**WHAT THE TASK REQUIRES**
Reproduce the entries shown below only from the line with "Если хотите, установите" down to the line with "さらに、少し歩いて「大人神社", keeping both end lines and copying each one exactly.
----- INFORMATION -----
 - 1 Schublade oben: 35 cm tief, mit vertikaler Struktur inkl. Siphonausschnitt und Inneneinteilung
-----
----- INFORMATION -----
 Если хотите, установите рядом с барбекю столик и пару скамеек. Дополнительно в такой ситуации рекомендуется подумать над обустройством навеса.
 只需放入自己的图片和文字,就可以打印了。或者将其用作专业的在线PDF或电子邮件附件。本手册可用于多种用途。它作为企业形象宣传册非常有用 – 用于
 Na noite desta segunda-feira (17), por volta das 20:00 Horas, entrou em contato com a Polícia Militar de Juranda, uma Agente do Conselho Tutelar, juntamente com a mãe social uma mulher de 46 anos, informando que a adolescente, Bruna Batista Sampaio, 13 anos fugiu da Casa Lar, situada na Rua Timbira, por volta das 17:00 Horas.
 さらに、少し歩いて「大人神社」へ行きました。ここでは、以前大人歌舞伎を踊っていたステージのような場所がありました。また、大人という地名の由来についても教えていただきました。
-----
----- INFORMATION -----
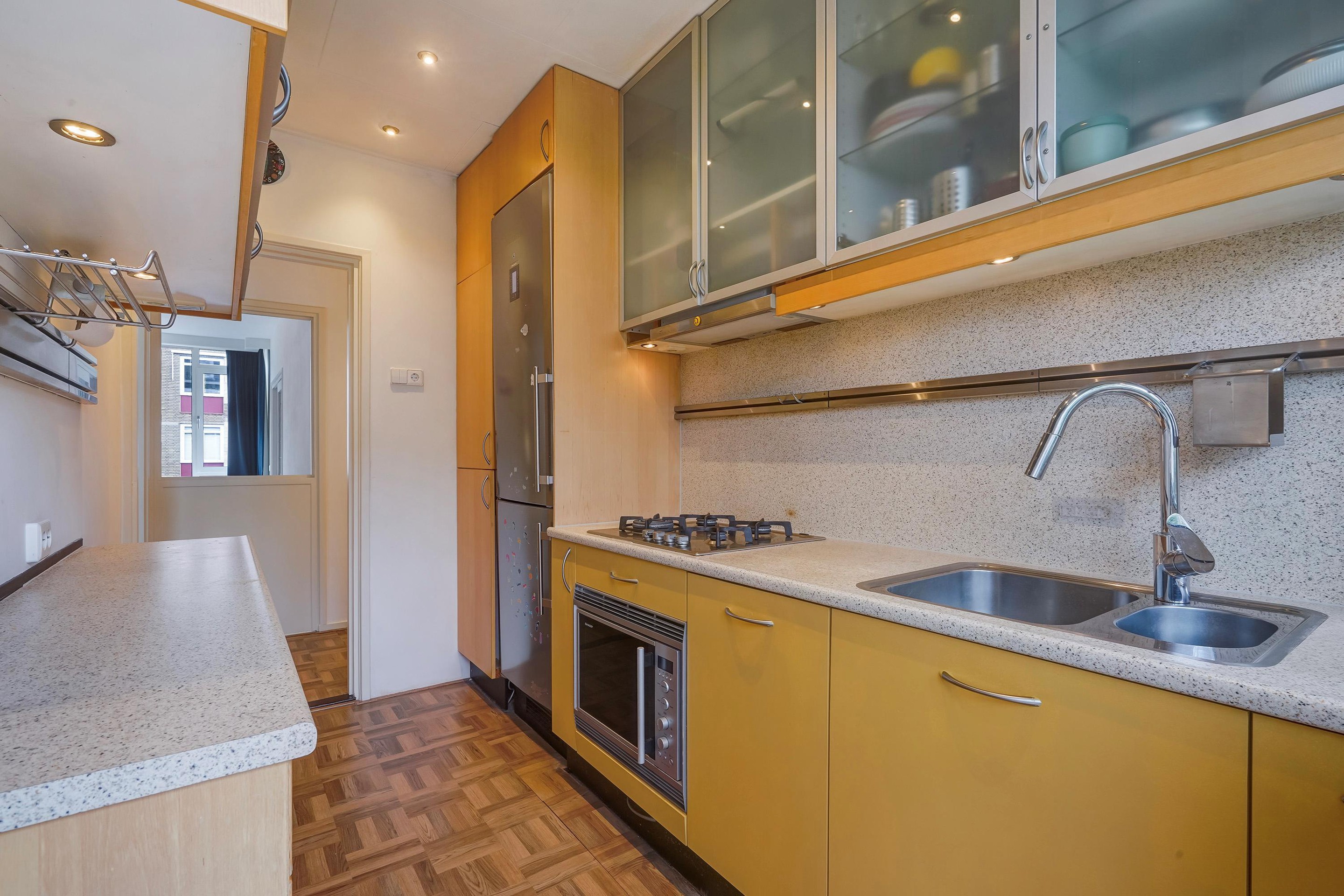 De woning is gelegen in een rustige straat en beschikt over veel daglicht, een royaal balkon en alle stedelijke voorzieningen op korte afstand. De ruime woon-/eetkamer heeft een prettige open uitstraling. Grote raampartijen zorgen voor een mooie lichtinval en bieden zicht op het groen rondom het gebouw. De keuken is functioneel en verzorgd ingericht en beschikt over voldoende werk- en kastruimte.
-----
**OUTPUT OF THE TASK**
 Если хотите, установите рядом с барбекю столик и пару скамеек. Дополнительно в такой ситуации рекомендуется подумать над обустройством навеса.
 只需放入自己的图片和文字,就可以打印了。或者将其用作专业的在线PDF或电子邮件附件。本手册可用于多种用途。它作为企业形象宣传册非常有用 – 用于
 Na noite desta segunda-feira (17), por volta das 20:00 Horas, entrou em contato com a Polícia Militar de Juranda, uma Agente do Conselho Tutelar, juntamente com a mãe social uma mulher de 46 anos, informando que a adolescente, Bruna Batista Sampaio, 13 anos fugiu da Casa Lar, situada na Rua Timbira, por volta das 17:00 Horas.
 さらに、少し歩いて「大人神社」へ行きました。ここでは、以前大人歌舞伎を踊っていたステージのような場所がありました。また、大人という地名の由来についても教えていただきました。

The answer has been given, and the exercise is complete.